Friday, July 5, 2013

Strange Bedfellows

If only there were evil people somewhere insidiously committing evil deeds and it were necessary only to separate them from the rest of us and destroy them. But the line dividing good and evil cuts through the heart of every human being. And who is willing to destroy a piece of his own heart?

Alexander Solzhenitsyn
The Obama = Bush crowd celebrates every time someone from the Bush administration agrees with something President Obama does. It's as if any endorsement from those quarters proves their case that the two administrations are the same (ie, evil).

The hypocrisy of that line of reasoning was demonstrated when many of them supported certain elements of Ron Paul's presidential candidacy but wanted to distance themselves from his racism. Or when they chose to #StandWithRand - but not on everything he "stands" for.

The truth is that this habit of "guilt by association" is rampant in politics and it is one of the ugliest elements that feeds our polarization. As we recently saw in the Senate, we can disagree robustly with much of what people like John McCain and Lindsay Graham espouse politically. But when we agree on the need for comprehensive immigration reform, we should be willing to work with our political opponents. Otherwise we become just like the lunatic tea baggers.

The idea of comparing Bush to Obama carries a lot of emotional weight for many of us. That's because we lived through eight very difficult years of watching terrible policy and felt pretty powerless to change anything. Its why the emos use it - we get pissed!

One way to deal with that is to look back at the Bush legacy a bit more dispassionately - engage our intellect to balance out our emotional response. Surely there is a lot that we can argue against (lying us into war, the use of torture, creating the deficit we struggle with now, etc). But the truth is that everything they did wasn't evil. For example, even liberals have praised that administration's work on AIDS in Africa.

One of the things I began to notice a few years ago was that there was a pretty dramatic change in many of the worst abuses of the Bush administration around the time of the 2006 midterms. If you can remember back to that time you'll recall that it seemed to culminate in the resignation of Donald Rumsfeld and the appointment of Robert Gates to be Secretary of Defense. Even at the time most pundits saw this as a sidelining of the Cheney/Rumsfeld coalition and rise of the "realists" more aligned with Poppy Bush. It's also true that over the years several court cases had been successful in curtailing some of that administration's abuses. And so, when it comes to ending the use of torture, stopping the influx to Gitmo, or setting in place the process to end the war in Iraq, some of the things that President Obama overtly championed were actually quietly initiated during the last few years of the Bush administration.*

When the "Bush-lite" crowd gets going on comparisons to President Obama, it is often about his alignment with some of the foreign policy positions during the last years of the Bush administration. Don't get me wrong...I'm not suggesting there was total alignment. But there was more overlap than some quarters (on both sides of the isle) are willing to admit. We can feel free to disagree with those policies. But to simply say that President Obama is "evil" because the Bush administration defined "evil" is a lazy (wo)man's argument. It plays on our emotions - not the facts.

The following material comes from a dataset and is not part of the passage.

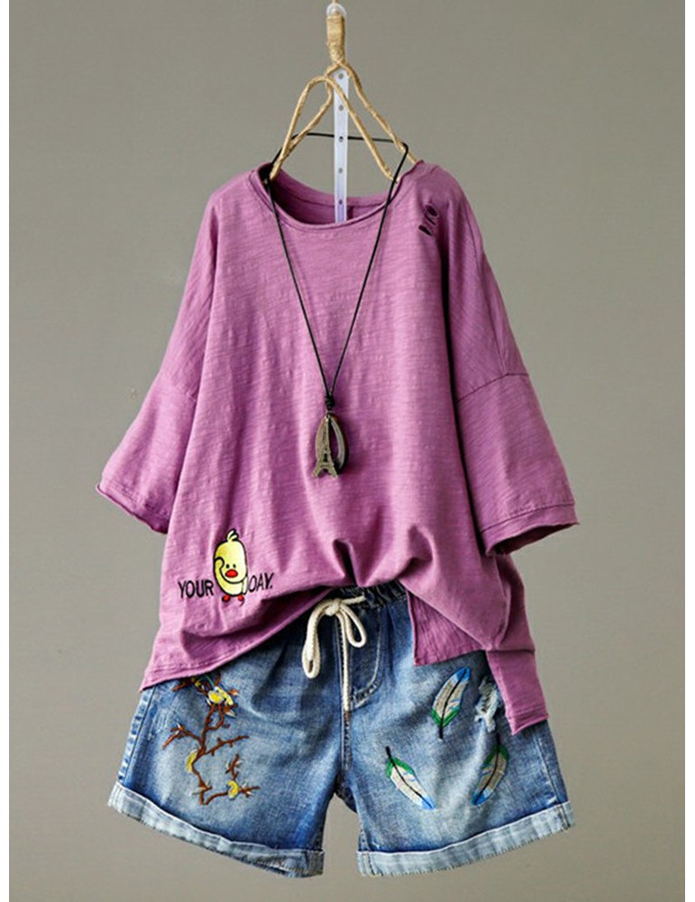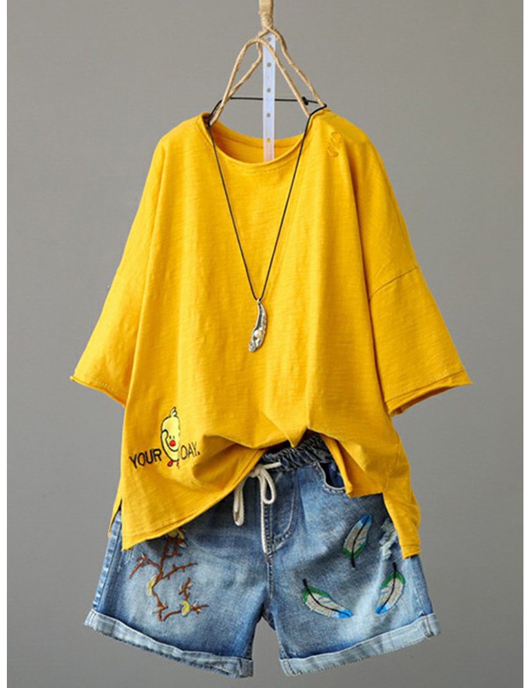 Cartoon Yellow Duck Print Casual Cute T-Shirt

* I want to say that I recognize how explosive it is to even suggest this possibility. Beginning to just ask some questions about this at Daily Kos a few years ago brought out the knives - even from people I considered my allies. Ultimately that's what prompted me to stop writing there. Disagree with me about this if you wish - but I cannot tolerate an environment where we can't even ask the questions or discuss the possibility.